26 June 2014

A Russian Summer

Unexpected Seasons

Winters are long around St Petersburg but less severe than in parts of the United States.  Pushkin wrote about the beauty of autumn in our city area but the current climate is usually rainy, and cold.

We hope for good May weather, but spring is often cold and wet. This year both our village and St Petersburg had several hot May days, then raw weather two weeks before summer began on June 21.  June’s cold days and nights have been unusually severe, making for an even shorter growing season.

Larissa planted with an astrology gardening calendar around June 10.  Europeans talk of summer starting June 1, but this year we see no sign of continual warm weather until July.  What’s hopeful is that the nights are getting warmer, from lows of 1 to 5 C to 10 C and better.

An Unwanted Adventure

The Ostashkov to Peno road, on the way to Zaloze, is atrocious... one lane each way with no dividers and bad shoulders which people drive at dangerous speeds.  Our driver, Dima, wears racing gloves which provide a lugubrious contrast to his old Lada with broken  suspension. 

He seems always pressed for time.  In Russia, it’s customary that the man passenger sits up front, the woman in back.  I dreaded this ride but we could find no one else to take us.  

Halfway to Peno, we were racing in the rain, passing cars and trucks on curves, careening along patchy macadam.

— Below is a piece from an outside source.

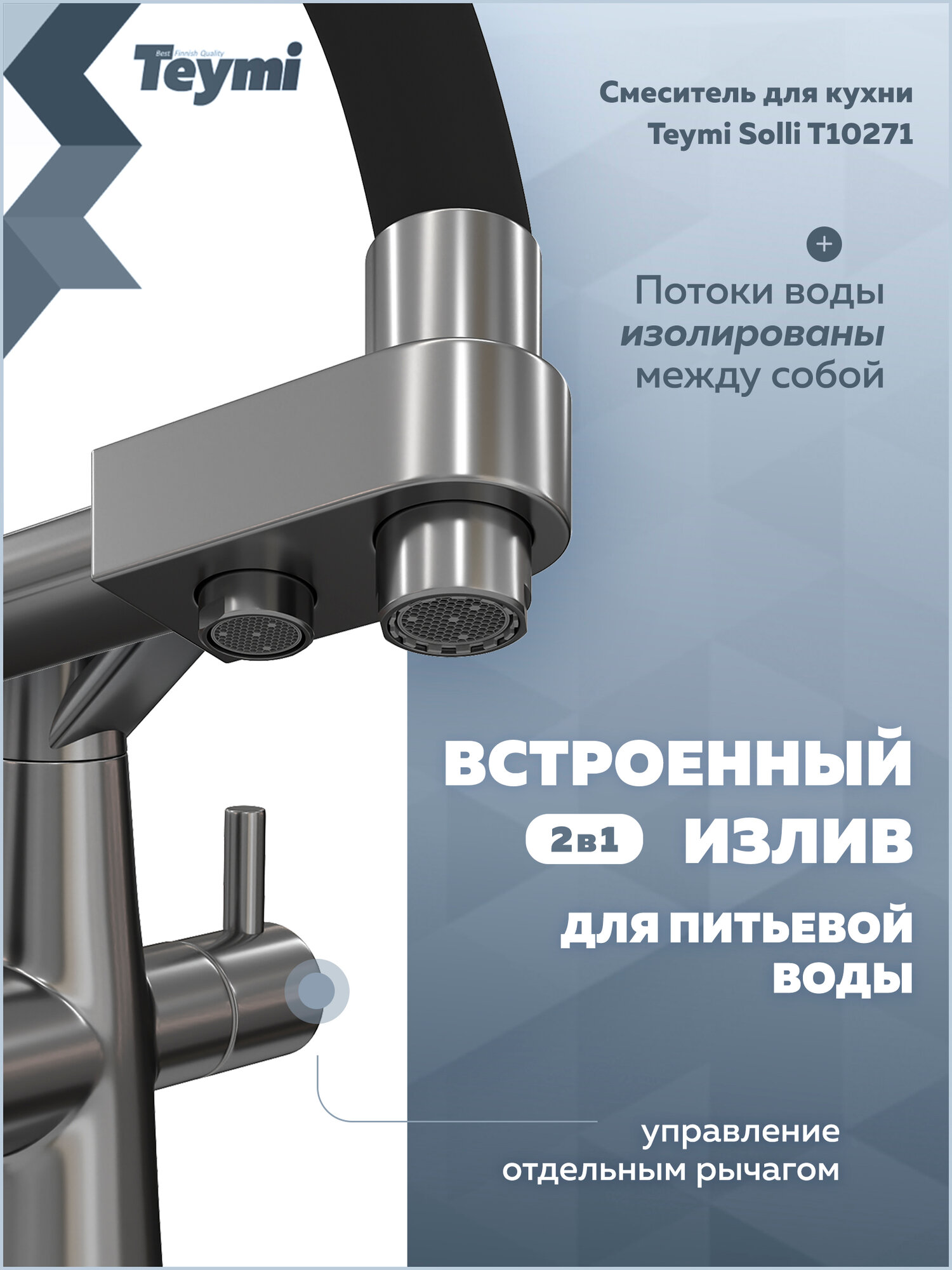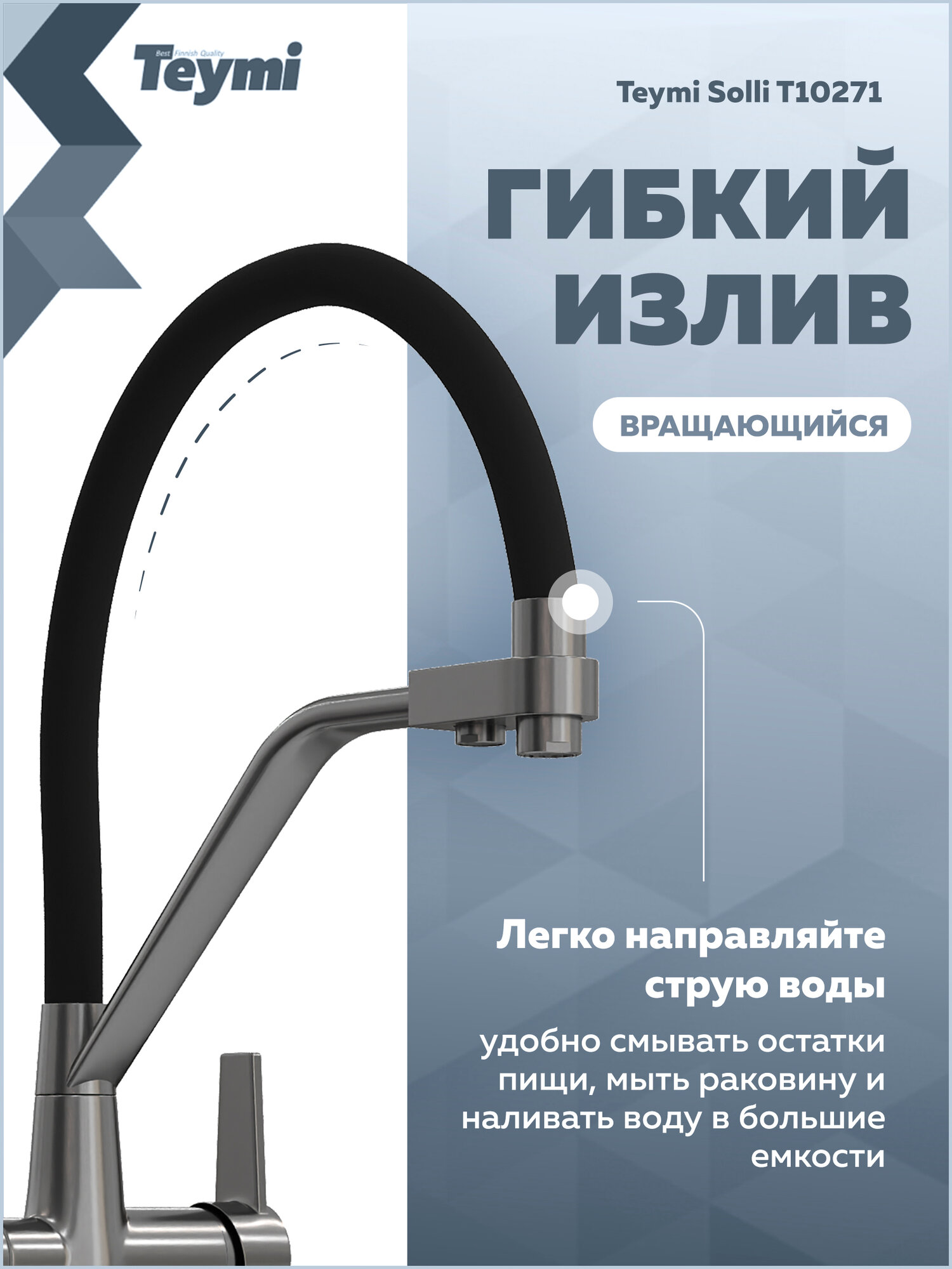 Смеситель для кухни корпус оружейная сталь излив черный Teymi Solli T10271: сравнение цен, характеристики, фото, актуальное наличие и цены.

The car was shuddering over pot holes.   He ignored the first request to take it easy.  I’m known as a quiet foreigner, but then I screamed in two languages to slow down... and added what I thought of him.  It was hard to tell if he adjusted his driving, but he seemed to become afraid of me, as he kept glancing my way.

Our banya, Peno supermarkets, and mobile grocery stores...

The other day we lit the fire in our banya for the first time this summer.  Now at 71, my love of novelty and adventure are replaced with a wish for simple comfort.  We have a solar shower waiting a few hot days to make it ready, but for Larissa and most Russians, the banya with its many steps, is an essential part of their being.  Larissa noted that we had plenty of hot water, so she invited the people across the way to use the banya when we were finished.  Their grandson, a youngster, was delighted with the old fashioned structure and the splashing of water!

Peno, southeast of us, is changing.  Passenger trains no longer stop there.  But there is a commercial revolution... three supermarkets have opened since a year or so ago.  Larisa found lettuce for sale... the first time we have been able to buy it while on vacation in ten years!

On Tuesdays Lena arrives from Zabelino, the simple town next to us, where she runs the government grocery store.  She has an old truck autolavka from which she sells basic supplies, the best grey bread, and newspapers. We also have two privately owned autolavka stores...  Nadia on Wednesdays and Natasha on Saturdays, with a refrigerator that allows for the sale of a range of perishables, besides the usual canned foods and packaged products.    Now we are well fed, expecting better weather, and staying warm by our wood fired stove.  Stop by for salad and supper!